Print all characters upto a matching pattern from a file

Question

Maybe a silly question but I have a text file that needs to display everything upto the first pattern match which is a '/'. (all lines contain no blank spaces)

Example.txt:

somename/for/example/
something/as/another/example
thisfile/dir/dir/example

Preferred output:

somename
something
thisfile

I know this grep code will display everything after a matching pattern:

grep -o '/[^\n]*' '/my/file.txt'

So is there any way to do the complete opposite, maybe rm everything after matching pattern or invert to display my preferred output?

Thanks.

Answer 1

You just need to include starting anchor ^ and also the / in a negated character class.

grep -o '^[^/]*' file

Answer 2

Assuming filename as "file.txt"

cat file.txt | cut -d "/" -f 1

Here, we are cutting the input line with "/" as the delimiter (-d "/"). Then we select the first field (-f 1).

Answer 3

Yu can use a much simpler reg exp:

/[^/]*/

The forward slash after the carat is what you're matching to.

jsFiddle

Answer 4

If you're calling an external command like grep, you can get the same results your require with the sed command, i.e.

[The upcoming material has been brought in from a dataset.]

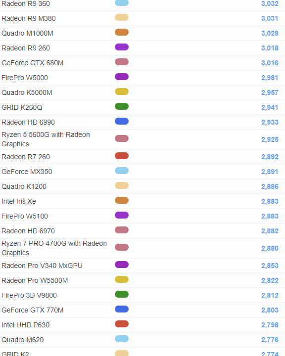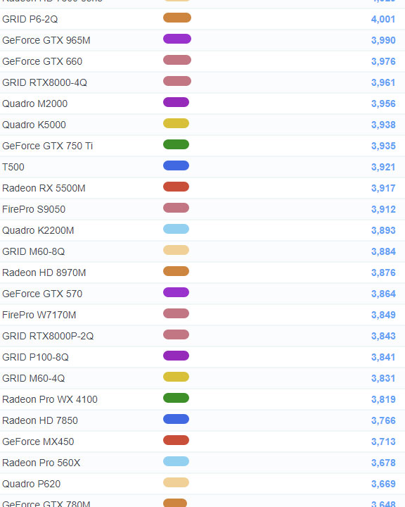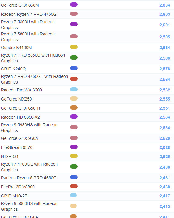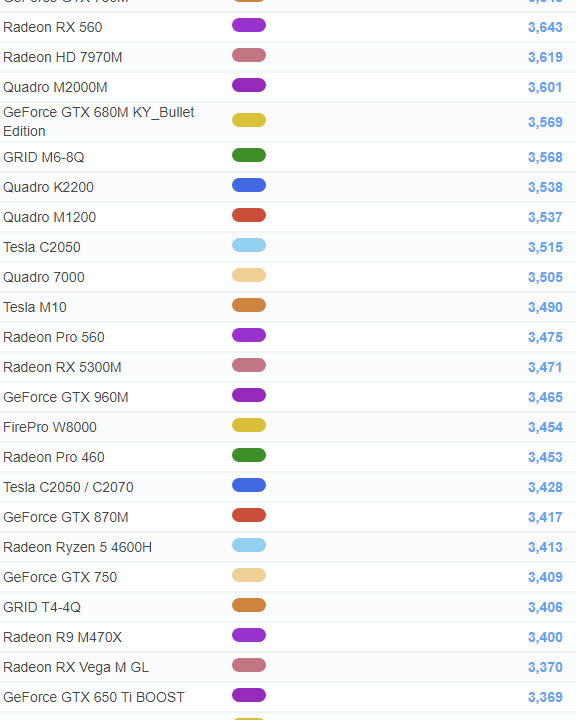 | 39 | GeForce RTX 3080 Laptop GPU | 15,867 |

 echo "something/as/another/example" | sed 's:/.*::'
 something

Instead of focusing on what you want to keep, think about what you want to remove, in this case everything after the first '/' char. This is what this sed command does.

The leading s means substitute, the :/.*: is the pattern to match, with /.* meaning match the first /' char and all characters after that. The 2nd half of thesedcommand is the replacement. With::`, this means replace with nothing.

The traditional idom for sed is to use s/str/rep/, using / chars to delimit the search from the replacement, but you can use any character you want after the initial s (substitute) command.

Some seds expect the / char, and want a special indication that the following character is the sub/replace delimiter. So if s:/.*:: doesn't work, then s\:/.*:: should work.

IHTH.